Uri Caine
is best known as a genre-warping, restlessly inventive pianist and
sonic thinker whose every project is as predictably unpredictable as the
last. But the piano trio remains a touchstone for Caine, who returns
regularly to apply his expansive imagination to that core jazz format.
On his latest album, Calibrated Thickness, Caine debuts a new trio with two longtime collaborators: drummer Clarence Penn and bassist Mark Helias.
"There's
a lot of freedom in the piano trio," Caine says. "It's very open and
loose. We keep the structure together, but within that I like the
freedom it offers."
Though the title is a phrase that Caine stumbled across in a technical manual, Calibrated Thickness vividly
captures the sense of controlled dynamics and calculated density that
this trio so ably masters. The album's 15 songs are in a sense a
distillation of the musical identity that Caine, Penn and Helias have
forged over the last few years as a trio (in addition to many more in
different contexts). Live, Caine's memorable compositions are landmarks
that the trio happens upon in the course of lengthy improvisations,
fluidly morphing from one tune to the next at a moment's whim.
On Calibrated Thickness,
the tunes are presented in a more pristine fashion, showcasing Caine's
gift for witty, agile melodies, inspiring structures and wide-ranging
stylistic approaches. The short pieces (few of which top five minutes)

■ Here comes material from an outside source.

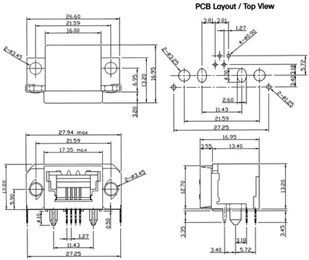 Modular jack, side entry, single level, single, 4 contacts, data link, shielded, PCB

give the trio the opportunity to spark concise, focused improvisations
from the flint of the leader's well-honed compositions. "When you're
playing and writing music you're always calibrating how to build it or
structure it or form it," Caine explains.
The
relationship between Caine and Penn dates back a couple of decades,
most notably in trumpeter Dave Douglas' quintet that also featured
saxophonists Chris Potter or Donny McCaslin and bassist James Genus. The
pianist came to work with Helias through their shared tenure in Don
Byron's band. Joining the trio on three tracks is the ingenious
cornetist Kirk Knuffke, whose sharp, probing sound adds an extra edge to the pieces on which he appears.
Caine
offers a straightforward, no-nonsense reason for assembling this
particular trio, his first release in that guise since 2011's Siren with
bassist John Hébert and drummer Ben Perowsky. "I like the sound," he
says, a simple enough proposition but one that can be maddeningly
elusive. "I like the way Clarence accompanies and sets things up; Mark
has a really warm sound and is really flexible. There's a lot of room to
move with them."
The 15 Caine originals contained on Calibrated Thickness run
the gamut of styles, from jagged, angular modern pieces to more
straight-ahead swingers that harken back to Caine's early days playing
hard bop in Philadelphia (albeit with his usual idiosyncratic twists and
turns) to more lyrical, ballad-inspired playing that spotlights the
warm expressiveness that sometimes gets eclipsed by his bold
eclecticism.
The
album kicks off with the powerful, rollicking swing of "Manahatta,"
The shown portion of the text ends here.